Exactly as written, output the lines below starting from the first and ending with the line that contains "Xe bọc thép"; omit pictures.

Start of THE DATA

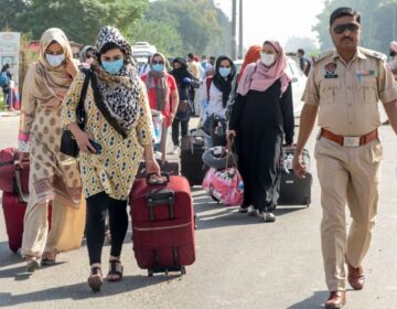 ایک پولیس اہلکار (ر) ہندوستانی کشمیری طلباء کو اپنا سامان لے جانے کے وقت لے جاتے ہیں جب وہ 30 ستمبر 2020 کو امرتسر سے تقریبا 35 کلومیٹر دور ہندوستان پاکستان میں اپنے کالجوں میں اپنے کالجوں میں واپس مزید پڑھیں
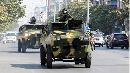 Xe bọc thép của quân đội Miến Điện trên đường phố sau đảo chính, ngày 03/02/2021. Reuters – Stringer
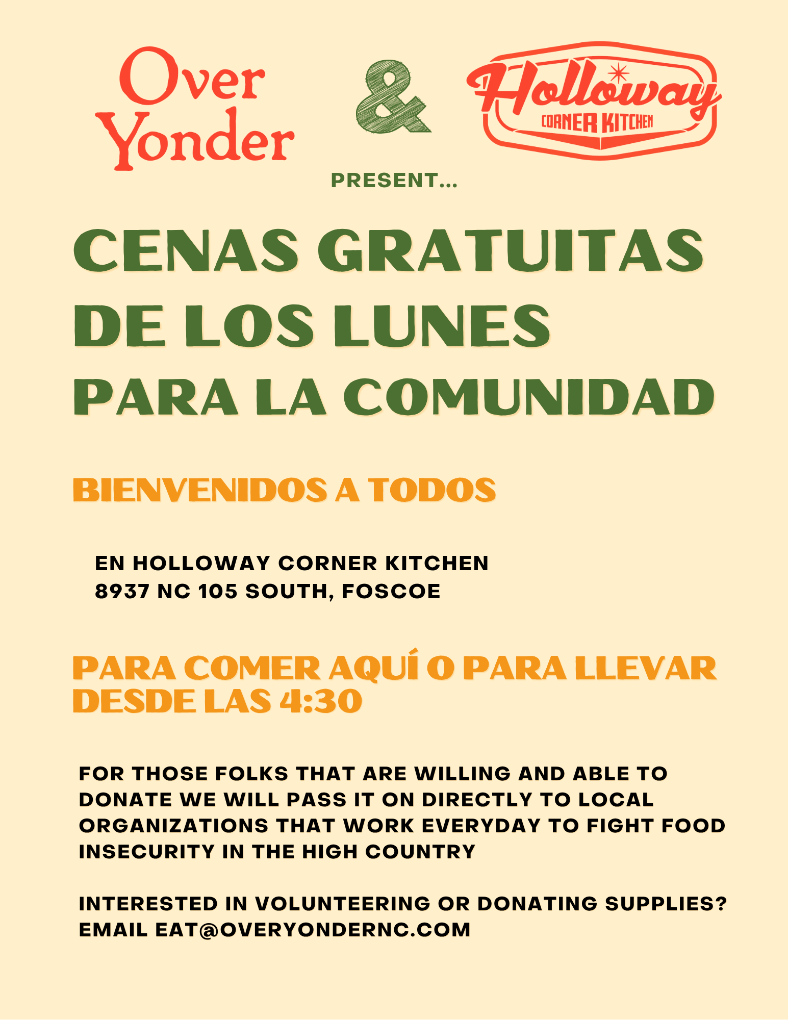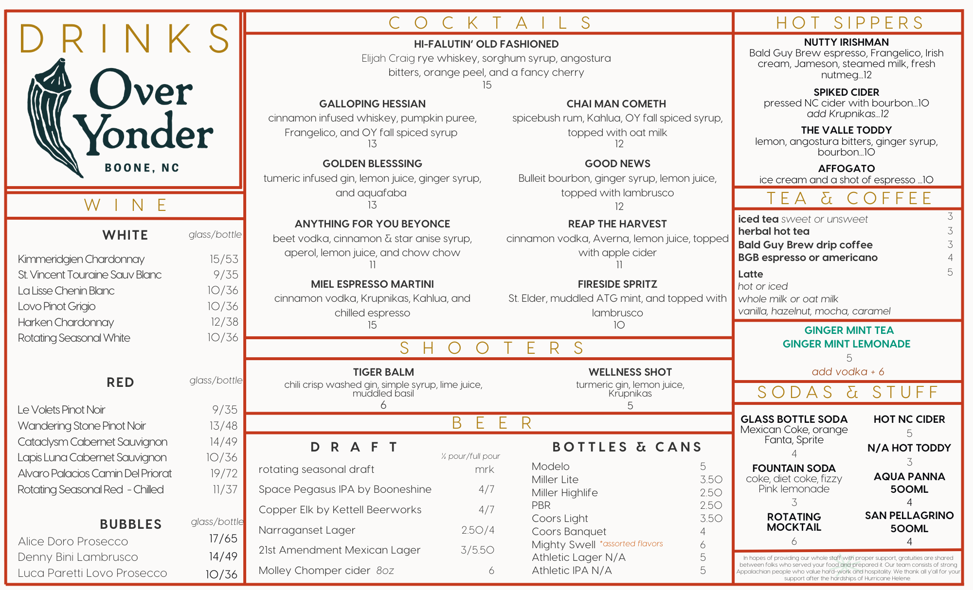 If you can’t find what you’re looking for or for large group requests please email eat@overyonderNC.com
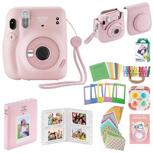Value accessory bundle. Includes the famous Fujifilm Instax Mini 11 Camera (color your choice) with a matching Camera Case to keep the camera protected. 20 Fujifilm Instax Films so you can use your brand new camera right away! Photo Album, perfectly sized for the instant prints. Many more accessories including frames to hang and decorate you photos, stickers, close up color lenses, and camera sticker for added color. The newly updated Fujifilm instax Mini Camera 11 features a slim body with newest design. Two shutter buttons are included in the box, one jewel and one glow in the dark button! Automatic Exposure-The Mini 11 automatically selects the shutter speed in any environment. Mini 11 Captures bright backgrounds and bright subjects even in dark scenes! Enjoy bright photos in the dark or in the sun. Selfie-time! The mini 11 has built in macro mode and selfie mirror for the perfect selfie. you don't need a close up lens attachment, just pull out the lens barrel until the selfie Mode mark appears! Close up lenses included in the bundle either way! Parties, birthdays anniversaries, carnivals or gifts... all are times to use the Fujifilm Instax Camera, You will not regret the Mini 11 buy. The most valued gift bundle for the best price!

End of THE DATA

> EXPECTED OUTPUT:
 ایک پولیس اہلکار (ر) ہندوستانی کشمیری طلباء کو اپنا سامان لے جانے کے وقت لے جاتے ہیں جب وہ 30 ستمبر 2020 کو امرتسر سے تقریبا 35 کلومیٹر دور ہندوستان پاکستان میں اپنے کالجوں میں اپنے کالجوں میں واپس مزید پڑھیں
 Xe bọc thép của quân đội Miến Điện trên đường phố sau đảo chính, ngày 03/02/2021. Reuters – Stringer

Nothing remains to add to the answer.